Uh oh; should I yell "rear caliper recall!!!" again? See my last message to 86TpiTransAm about the prop valve... my brakes were so spongy I had to double pump my pedal to get any decent braking.
__________________ -Tom P (Hot rodded 1986 Firebird 2.8l)
Tom P (uh oh: should I yell "rear caliper recall!!!" again?) is right, when the pads wear and the pistons come out of their bores further they use more fluid. You may not have found it or seen any posts yet, but this is a big problem with the early disk set up for these cars. Take a look at the rear pads, if there is a lot of space, like an eigth of an inch or more this is the cause. Look more at the piston or inboard side, since the sliders could be sticky.
NEW to this board,but i logged in to post about this very problem about spongy brake i have an 88 firebird with a v6 that i'm selling and i just bought an 84 with 305 both have the same problem..and it would be nice to fix this problem two master cyl i have bleed the S out of them i have been working on cars for years and never had such a problem as this i have pulled apart the porportional and every thing looked good i made plugs out of cut brake line and welded the ends capped the master cyl opennings one at a time and have narrowed it down to the front brakes being spongy. i have removed the calipers and used a C clamp to hole the pistons and bled the brakes and holding the calipers for the best possible way for air to escape from them.........so do i change the porportional valve or are the braks on theses car spongy???????
Our 91 RS has front discs and back drums and it braked a hell of a lot better than the IROC with the 4 wheel discs! And I don't think that the back brakes on my car is what is causing the sponginess, either.
__________________ Moderator on Hampton Road ThirdGen Forum.
:hail: 1987 IROC 5.7L :hail: :lala:
1991 RS 5.0L - Parked...waiting to be sold
1990 Lumina - daily driver when it's not broken
1991 Nissan 4 x 4 pickup
If the rear pads aren't as close to the rear rotor as they should be, then the "first half of the brake pedal" is wasted on moving the rear pads closer to the rear rotors.
I actually had to double-pump my brakes before I put the rear caliper recall kit on. The first pump moved the rear pads to touch the rear rotor. Then I'd let off the brakes quickly, and do a quick second pump- the pads never got a chance to retract, and all of a sudden, the car would brake nice and hard.

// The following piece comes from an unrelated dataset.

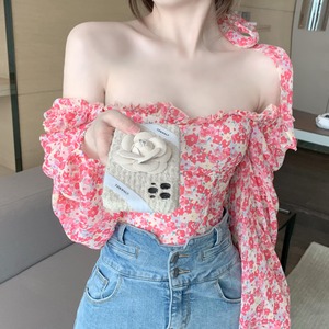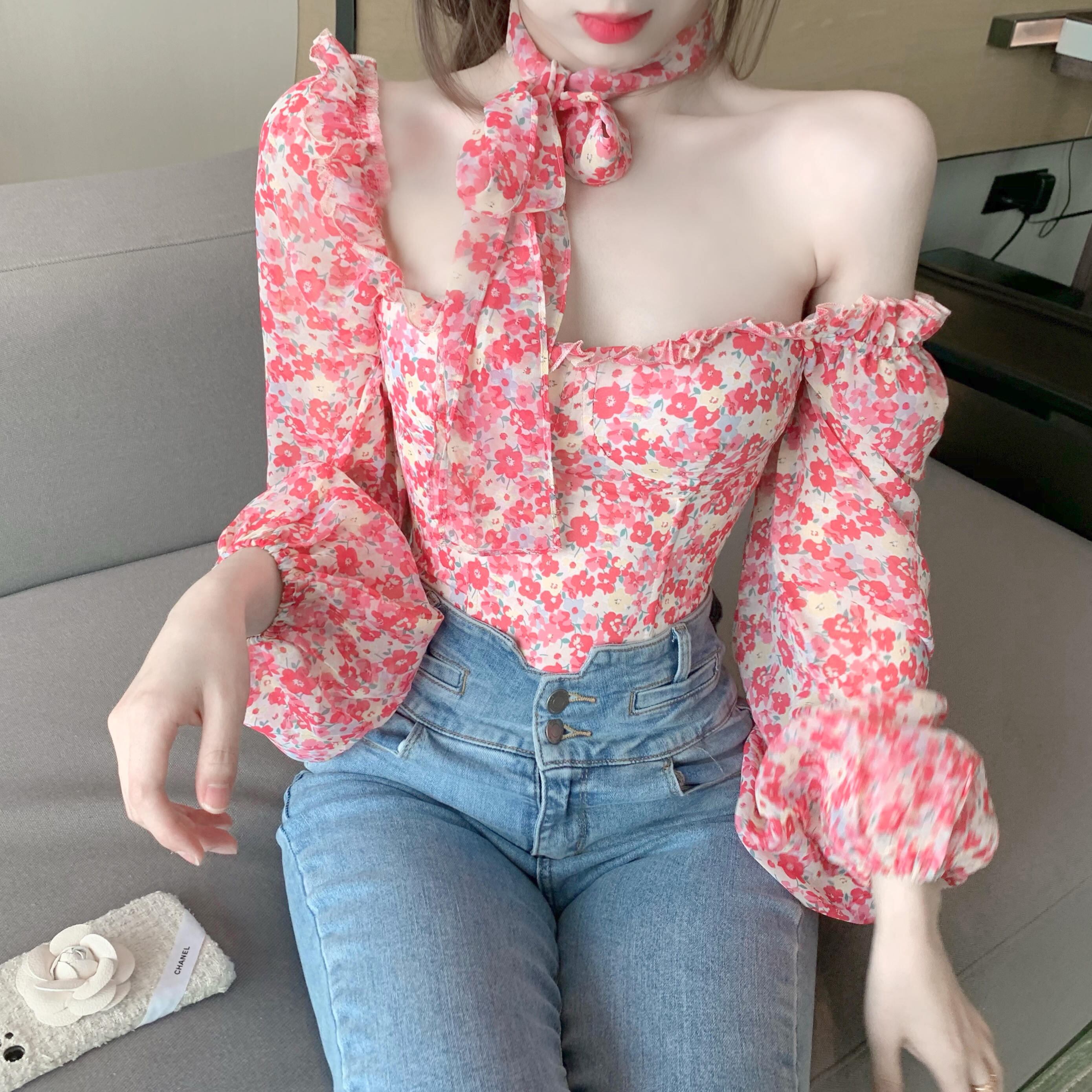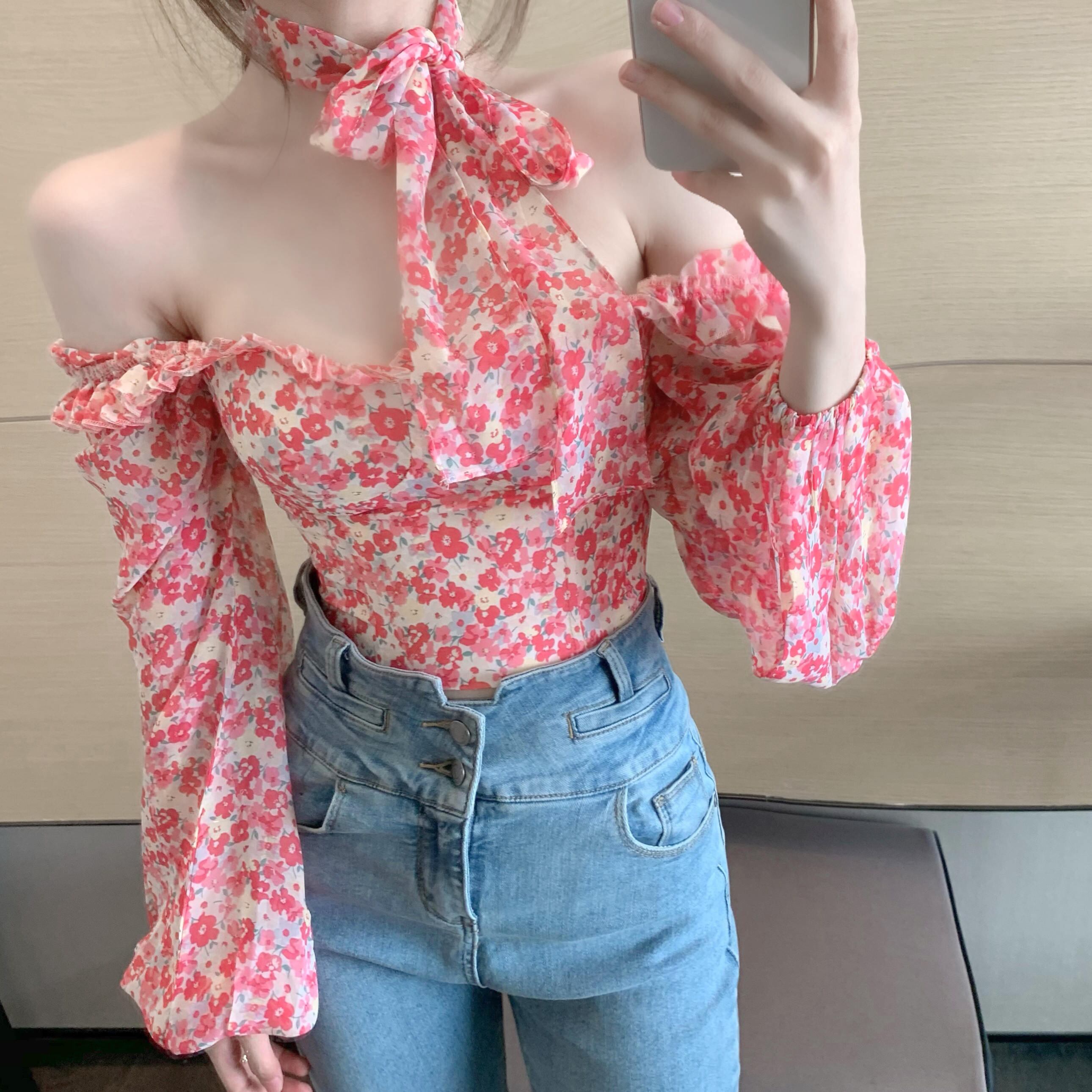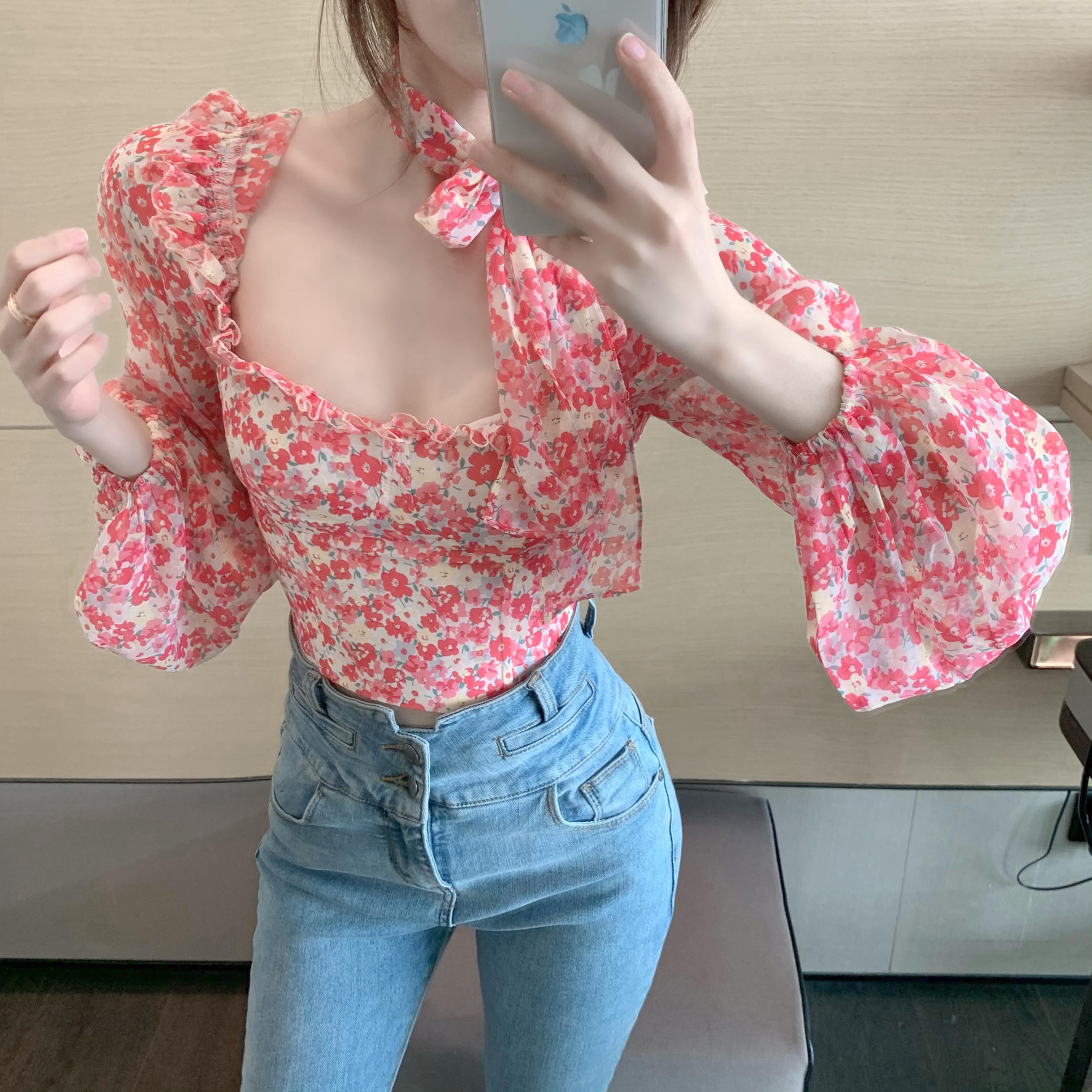 フローラルレースシャツ スプリングスタイルカラーショートトップス ロング 春物 花柄 スクウェア Xiaofeijia53761197516
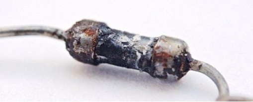Если же резистор не справится с возложенными на него задачами, не важно по каким причинам, будь то просчет конструктора или нештатные отклонения тока в схеме. В этом случае он просто перегорит. Вначале перегреется, с него слезет красивая краска с полосками или буковками, а далее и вовсе почернеет и станет не похож сам на себя. Вроде того, что представлено на нашем рисунке.

And fixomatic, those cars have the rear drums, right? If there's sponginess in the front brakes, don't forget that these cars have the quick take-up valve in the master cylinder. That thing's a bitch to bleed and get alll the air out of. You might want to look into replacing the front hoses. Over time, brake hoses crack on the outside, and deteriorate on the inside, and mess up the brakes. You might have partially clogged front hoses! Did you use a sealer resistant to brake fluid on the cap of the prop valve when you put it back together?
Also, that '84 probably has a cast-iron master cylinder body. GM moved to aluminum bodies in later years, since the cast iron jobs can rust inside the bore. A little rust and a rubber seal = torn seal.
__________________ -Tom P (Hot rodded 1986 Firebird 2.8l)
tomP thanks for the input, but i feel for the most part the master cyl is ok. if you cap both holes you get a hard pedal. and on both cars they are alum. i had a friend step on the brake and i just held the lines to see if they would balloon up at all and i could see no sign of a problem......but i will not rule it out.........i have replaced lines in the past on cars that had problems like pulling to one side and found that they had colapsed....and what about this i has one car i fixed that you would step on the brake and it felt fine but when you release your foot the brake on the right side would not release .......bad brake line it held pressure after you let your foot up...i will post on what i find
LottaBallsCamaro sorry so long to repost but I've been waiting on parts. Just got some PA Racing tubular a-arms and an Edelbrock STB. Pheonix Injector bleed system is coming so I'll know more about the brake situation then.
The reason I mentioned brake fluid before was I've had some small caliper problems the last couple of years. Upon disassembly I noticed the piston was sticking because of a "rusty" spot or two in the cylinder. I've replaced calipers twice so this time I got new hoses and calipers and will flush and replace the brake fluid (the stuff looks nasty). Cya guys soon.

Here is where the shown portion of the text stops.